▶ [Data to examine]:
_ _ _ _ _ _ _

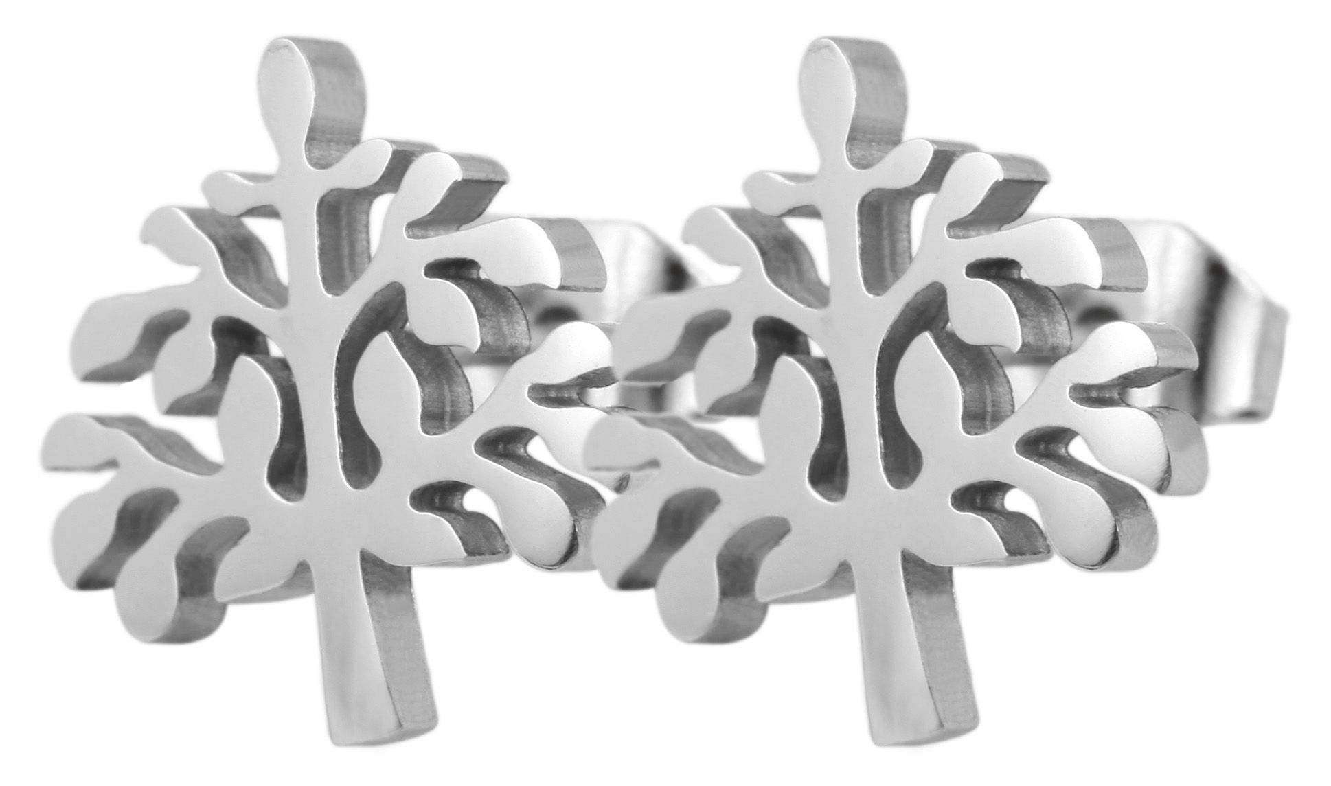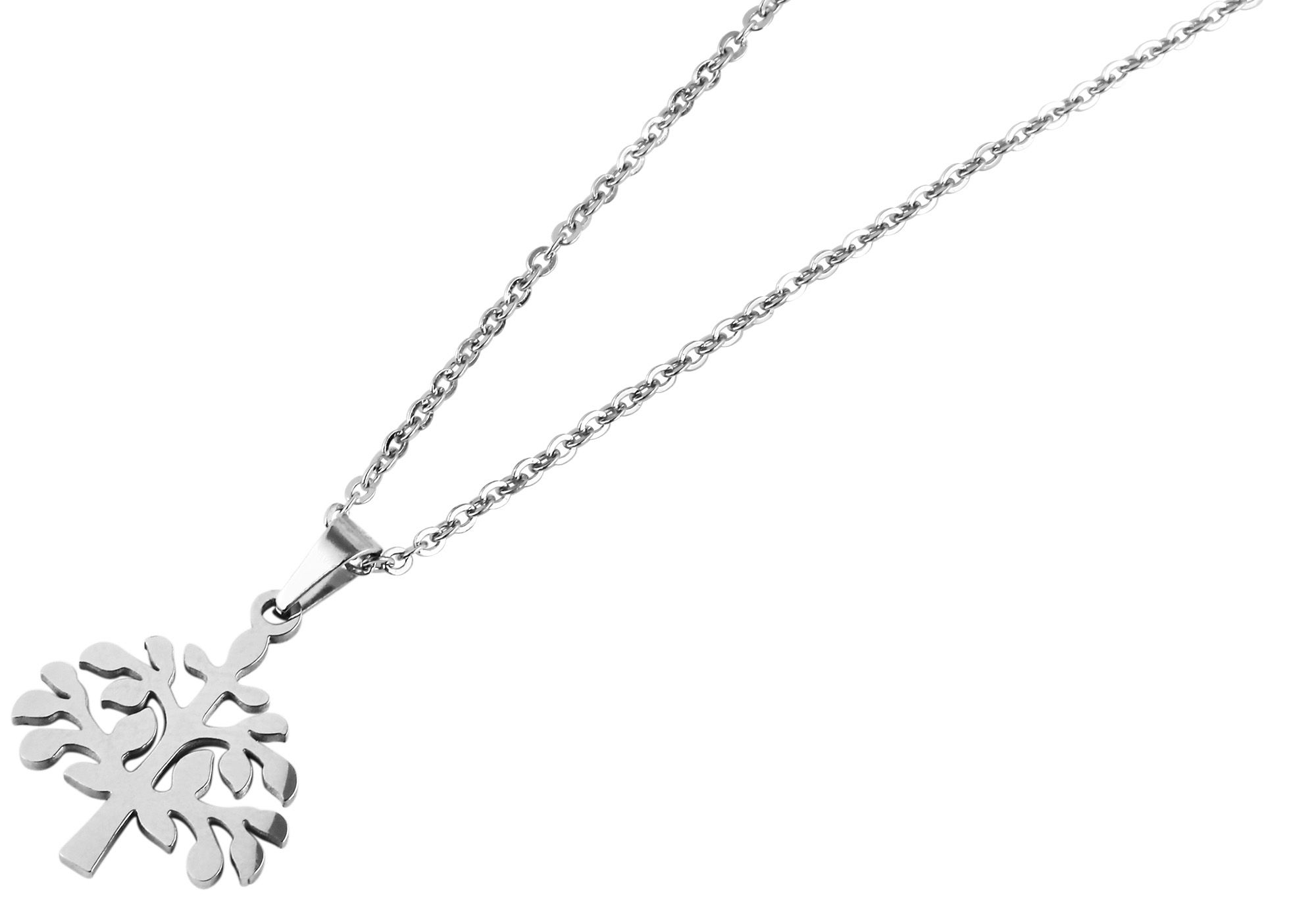 Productinformatie "Akzent Edelstahlschmuckset (Kette mit Anhänger & Ohrringe), Lebensbaum, silberfarbig"
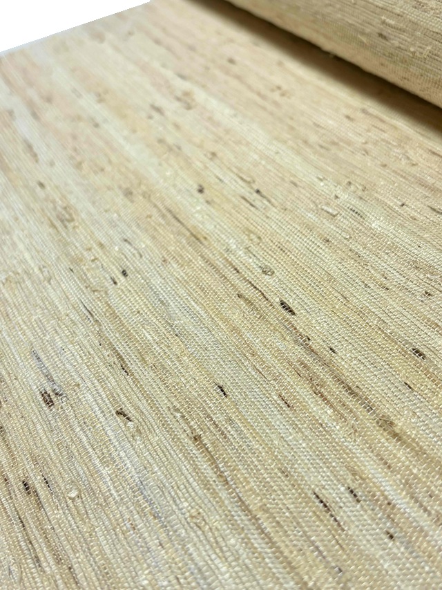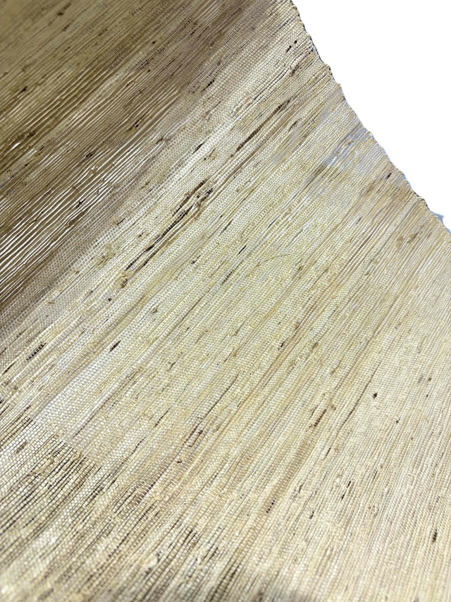 自然布には藤布やしな布 また芭蕉布などが有名ですが それらは縦糸 緯糸共にその糸を用いられていますが、大井川葛布は緯糸に葛糸をそして縦糸には絹や麻 木綿など他の天然繊維から作られた糸を用いるのが一般的です。(※本品の経糸は純国産絹から座繰された絹糸が用いられています)
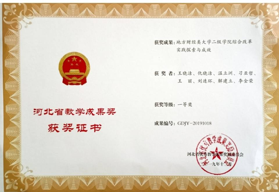 日前,河北省教育厅发布了《河北省教育厅关于公布第八届河北省高等公司产品成果奖获奖名单的通知》(冀教高〔2019〕24号),公司2项教学成果获第八届河北省高等公司产品成果奖,其中,公司“地方财经类大学二级公司综合改革实践探索与成效”教学成果获得一等奖。
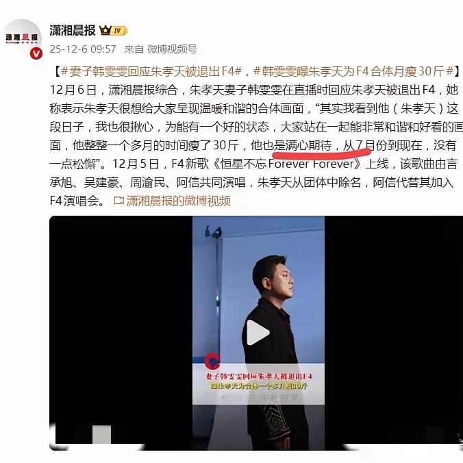 韩雯雯说朱孝天是被踢出F4, 而不是主动退出的。 这话我信,因为朱孝天没理由选择不合体。 朱孝天现在干直播, 需要热度,他有这个需求, F4重新合体对他来说是一个很好的机会, 他怎么可能把送上门的好机会拱手让人。 而其他几人那边就说不准了。 只能说这次这个事弄得不好看,不体面。 粉丝们想看的是真正的F4, 而不是这种东拼西凑来的组合。 喜欢周杰伦的可以去看周杰伦, 喜欢五月天的可以去看五月天, 搞成这样算什么, 年底文艺汇演吗?
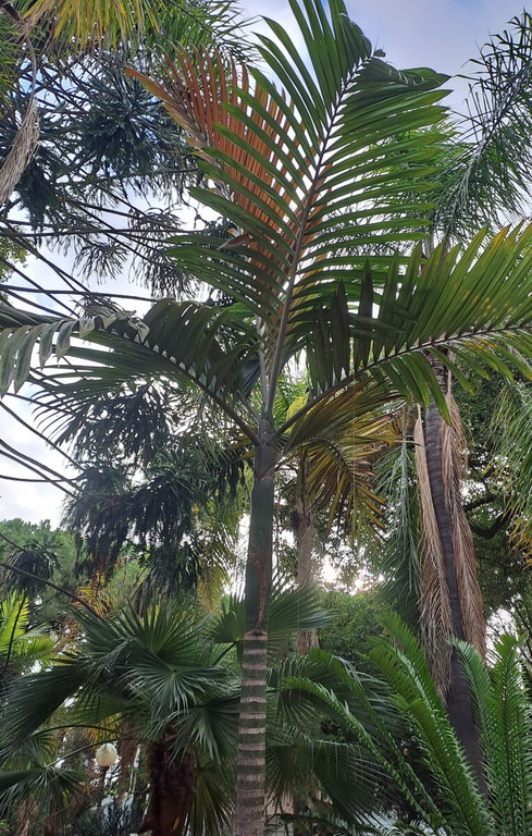 A Sanremo è giunta in occasione della II edizione della prestigiosa Biennale delle Palme Dies Palmarum, donata al giardino dallo scrittore e botanico francese Daniel Jacquemin. La giovane piantina, dopo un viaggio dall'altro capo del mondo di oltre 20.000 km, era giunta con un gruppo di sorelle a Hyères e da lì Daniel l’aveva portata a Sanremo. Da quei giorni sono passati quasi 25 anni e la palma è cresciuta, anche se lentamente, in tutta la sua bellezza. Ha un portamento armonioso ed elegante: il tronco è eretto ed esile, cilindrico, piacevolmente liscio al tatto, di colore verde scuro e contraddistinto in modo regolare dagli anelli lasciati ogni anno dall’attaccatura delle foglie cadute. Un calendario vivente che racconta tutta l’attività vegetativa, le foglie prodotte e le meravigliose fioriture emesse. Le sue foglie sono pennate, composte da foglioline piuttosto larghe e carnose, di un bel colore verde intenso, che assumono un piacevole tono rosso, arancio o bronzo nei primi giorni dopo l’apertura. La base fogliare avvolge completamente il fusto per circa un metro, formando un elegante capitello.
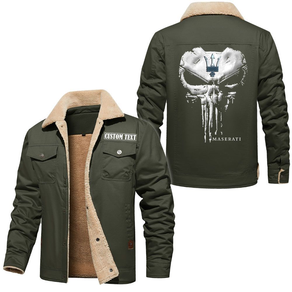 Maserati Logo Custom Name Cargo Fleece Lined Cotton Jacket Personalized Outerwear with Punisher Skull Design
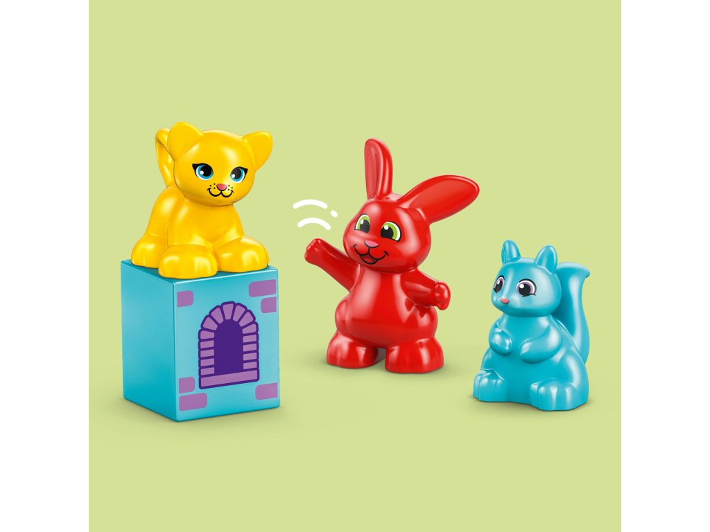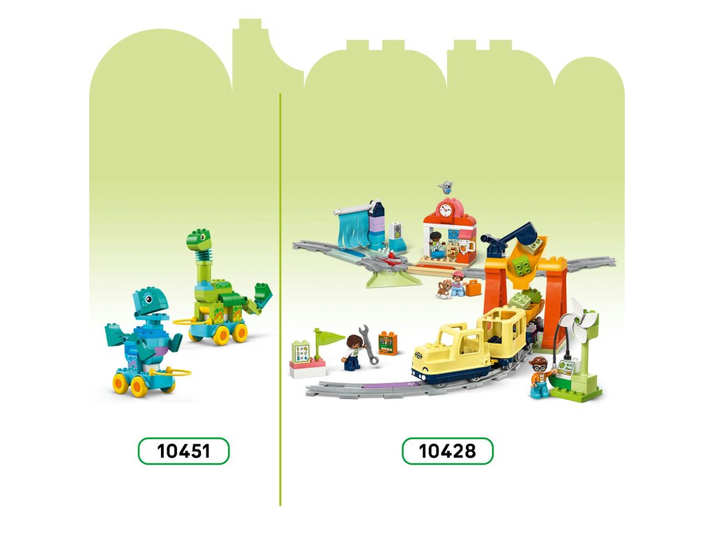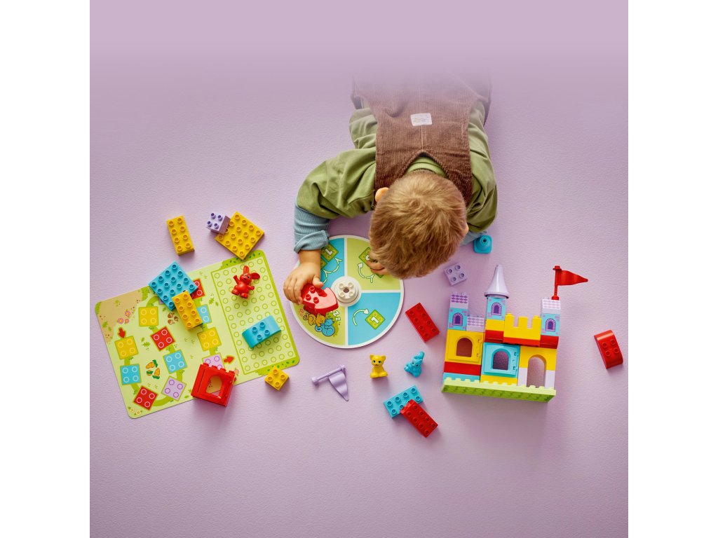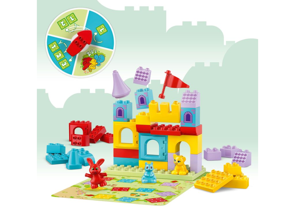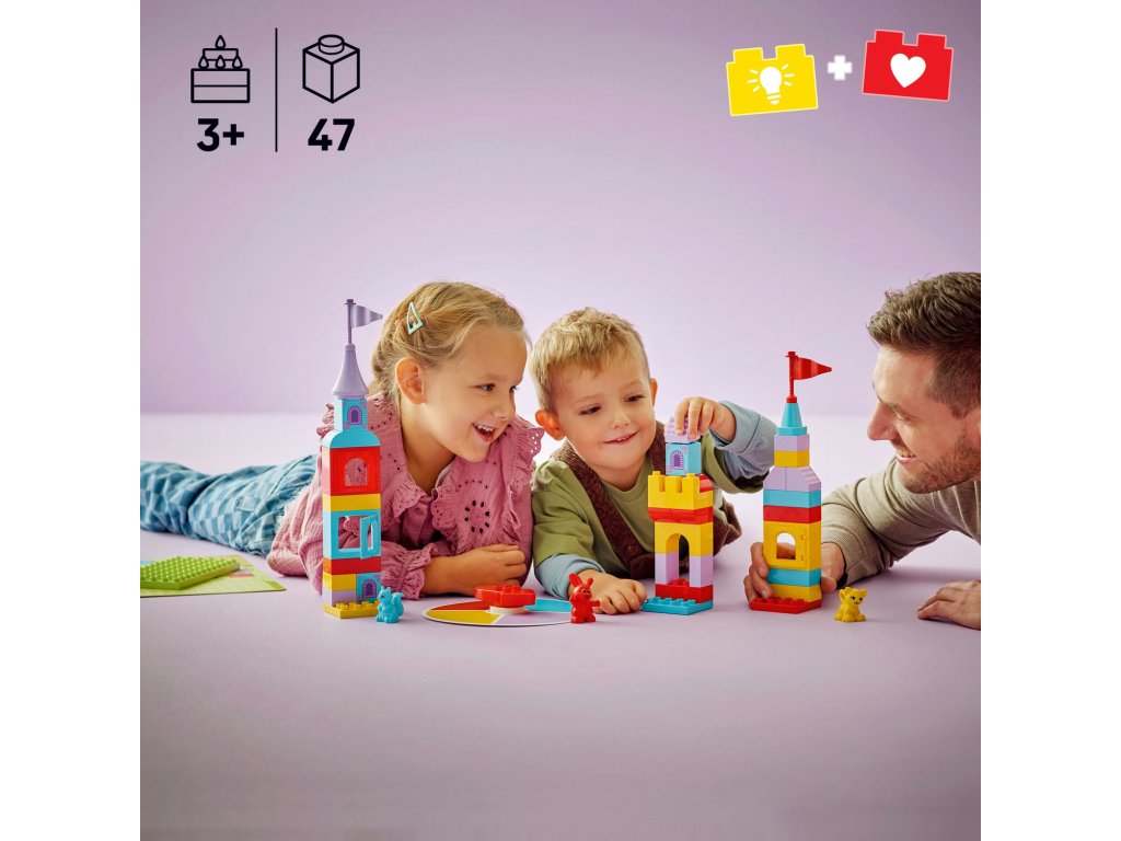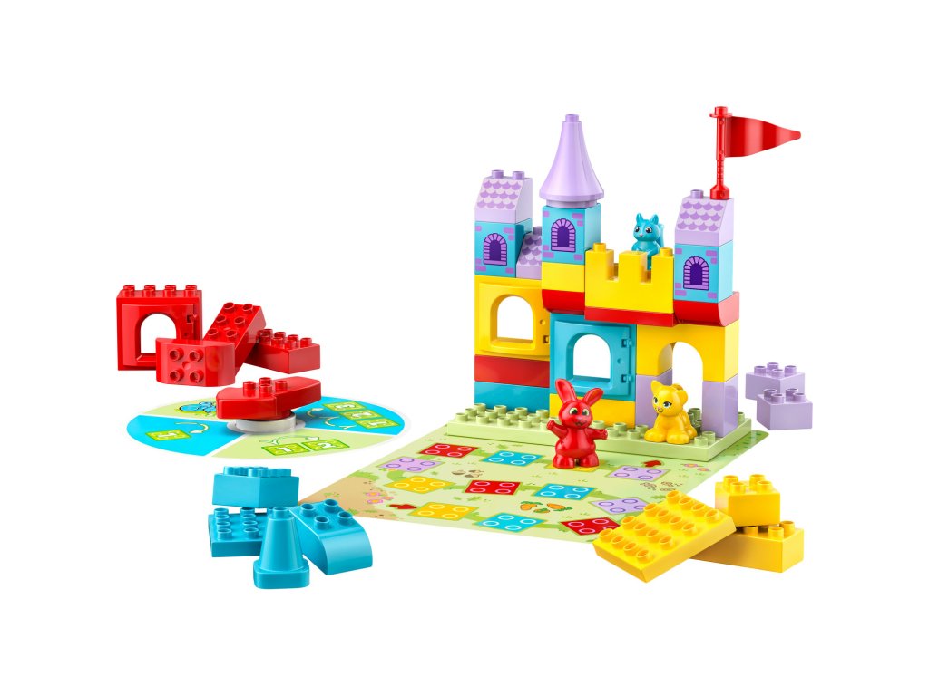 Užijte si se svou ratolestí hodiny rodinné zábavy a pomozte jí učit se hrou se stavebnicí 2 v 1 LEGO® DUPLO® (10450) Hopsy a hra s hradem. Děti se vydají na vzdělávací dobrodružství LEGO DUPLO a procvičí si počítání a třídění barev během hraní jedné ze dvou zábavných her. Děti se naučí poznávat barvy a čísla během kreativního stavění modelu hradu. Tato zábavná rodinná aktivita začíná tím, že si každý hráč vybere zvířátko a poté roztočí šipku, aby zjistil, o kolik míst na hrací ploše se může posunout. Do modelu pak přidá jednu kostku v té barvě, na které přistál. Hra končí, když všechny postavy dorazí na hrad. Ve druhé hře děti třídí barvy, aby zjistily, kdo dokáže postavit nejvyšší věž. Každý hráč roztočí šipku a zjistí, jakou barvu kostky může přidat do svého modelu. S touto vzdělávací stavebnicí si děti procvičí řadu dovedností, jako je střídání během hry, představivost a používání jemných motorických schopností během kreativního stavění nebo spolupráce s týmem během stavění hradu. Obsahuje 47 dílků.

_ _ _ _ _ _ _

▶ [Action item]:
Write out an exact copy of the listing, first line through the line containing "韩雯雯说朱孝天是被踢出F4, 而不是主动退出的。 这话我信,因为朱孝天没理由选择不合体。", with the pictures left out.

▶ [Written reply]:
 Productinformatie "Akzent Edelstahlschmuckset (Kette mit Anhänger & Ohrringe), Lebensbaum, silberfarbig"
 自然布には藤布やしな布 また芭蕉布などが有名ですが それらは縦糸 緯糸共にその糸を用いられていますが、大井川葛布は緯糸に葛糸をそして縦糸には絹や麻 木綿など他の天然繊維から作られた糸を用いるのが一般的です。(※本品の経糸は純国産絹から座繰された絹糸が用いられています)
 日前,河北省教育厅发布了《河北省教育厅关于公布第八届河北省高等公司产品成果奖获奖名单的通知》(冀教高〔2019〕24号),公司2项教学成果获第八届河北省高等公司产品成果奖,其中,公司“地方财经类大学二级公司综合改革实践探索与成效”教学成果获得一等奖。
 韩雯雯说朱孝天是被踢出F4, 而不是主动退出的。 这话我信,因为朱孝天没理由选择不合体。 朱孝天现在干直播, 需要热度,他有这个需求, F4重新合体对他来说是一个很好的机会, 他怎么可能把送上门的好机会拱手让人。 而其他几人那边就说不准了。 只能说这次这个事弄得不好看,不体面。 粉丝们想看的是真正的F4, 而不是这种东拼西凑来的组合。 喜欢周杰伦的可以去看周杰伦, 喜欢五月天的可以去看五月天, 搞成这样算什么, 年底文艺汇演吗?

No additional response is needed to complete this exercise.